John S. Wilkins posted Entry 2042 on February 20, 2006 07:33 PM.
Trackback URL: http://www.pandasthumb.org/cgi-bin/mt/mt-tb.fcgi/2037
A law student, Colin, advises the following event at the University of Kentucky:
On Wed, Feb. 22, the UK School of Law is hosting a seminar on “Religion, the First Amendment, and the New Supreme Court” at 12:00 noon. The speaker at the event is Thomas Berg, a professor of law at the University of St. Thomas, and Co-Director of the Terrance J. Murphy Institute for Catholic Thought, Law, and Public Policy. As the notice says, “Everyone is invited.” I assume that refers to the public as well. It’s in the College of Law Courtroom, and being presented by the Federalist Society.
Normally this would be a ho-hum affair, with a speaker and perhaps a few questions. The event the next week, however, is what would be of penultimate interest to readers of both the aforementioned blogs. It is entitled, “Intelligent Design: Question and Controversy in Law and Philosophy.” The speakers are Prof. Brandon Look (Philosophy, UK), and Prof. Paul Salamaca (Law - Constitutional and Federal, UK). They’ll be talking about the restrictions the First Amendment places on public schools, where Science and Religion end, and whether Intelligent Design is really Creationism re-labeled. It’s called a “discussion” where they’ll both talk about the facts, arguments, and theories of Intelligent Design. The flyer notes that “Everyone’s Welcome” and will also be in the College of Law Courtroom on Monday, Feb. 27 at 4:00 p.m. It is presented by both the Federalist Society and the American Constitution Society.

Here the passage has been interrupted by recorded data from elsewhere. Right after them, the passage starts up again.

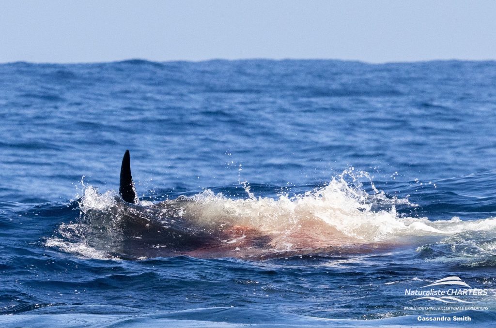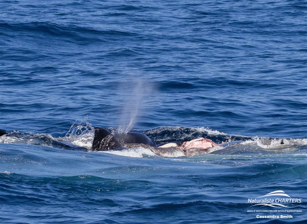 All around us orcas surfaced with fleshy chunks of tissue in their mouths, sharing the kill amongst themselves. Individuals from both Split Tip’s and Alki’s groups were identified in amongst the chaos. The water had turned green with blood and the pungent smell of mammal oil was in the air.
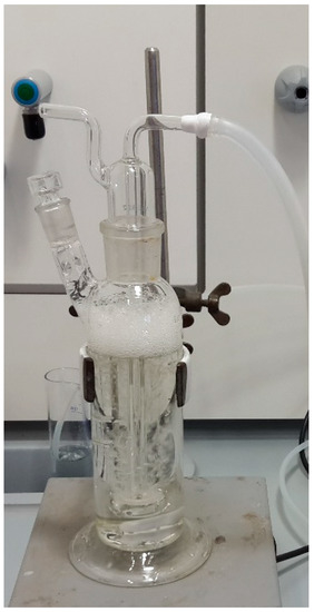 The main experiment was set up to study the effect of ozone dosage on treatment performance. Ozone was generated from pure oxygen used as feed gas (>99.5 vol.%, Messer, Bad Soden, Germany) and was introduced at the bottom of the glass bubble column reactor (250 mL) (Figure 6) through a gas distributor using the Wedeco ozone generator (Xylem Water Solutions Herford GmbH, type OCS Modular 8 HC, Herford, Germany). The O3 generator used had a production capacity of 8 g h−1, with the possibility to control the gas flow at QG = 10–100 NL h−1 and to adjust the ozone concentration in the produced gas to 10–100 g Nm−3. All gas phase flows (Nm−3, NL) were measured with scales of normal temperature (0 °C, 273 K) and pressure (100 kPa) conditions.
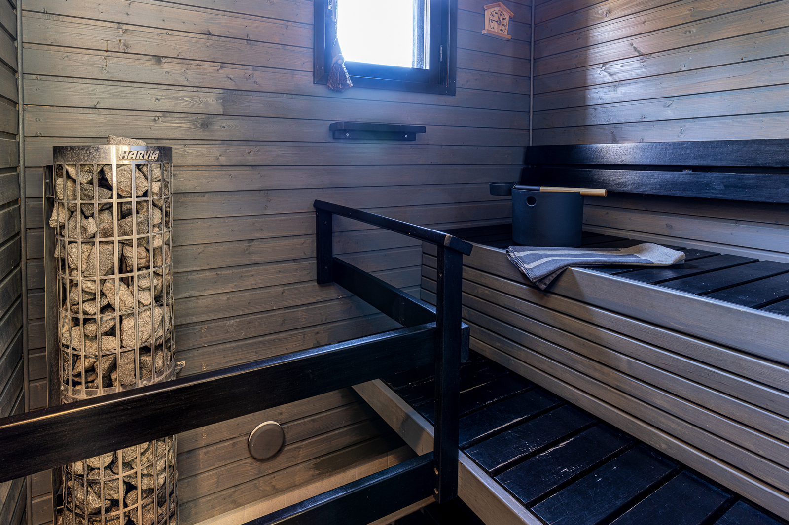 | Saunan kuvaus | Seinät (puu), lattiat (laatta), Sähkökiuas |

I would expect only the best of discussions from either of these professors. In fact, to take one side, and not objectively study the issue, would seem to contradict the entire method that we’ve built here in Law (Socratic) and also in Science (the basic nature of science is to question everything, even those things previously thought established). As a citizen in the camps of both I have a great desire to see there be some great discussion.
In full context, Ky. has a law on the books that allows the teaching of Creationism in Public Schools, but does not mandate it. In other words, it is not “against” the law to teach Creationism. It is KRS 158.177, and an interesting read. The notation is that it has been “repealed and superseded by the 1990 Ky. Acts” but to my knowledge it’s still published and law in Ky. Recently, Ky. Gov. Ernie Fletcher (who’s in the hospital with an infection right now, so let’s hope he’s going to be okay) also advocated the teaching of it recently in his “State of the Commonwealth” speech. The seminary where William Dembski teaches (Southern Baptist Theological Seminary) is in Louisville, and only an hour away so an appearance, I think, would not be out of the realm of possibility though not in a speaking role. Finally, the Ky. Law Journal has previously published a note, “NOTE: When May a State Require Teaching Alternatives to the Theory of Evolution? Intelligent Design as a Test Case.” It’s at 90 Ky. L.J. 743. It was published in 2003, and to my knowledge has never been cited.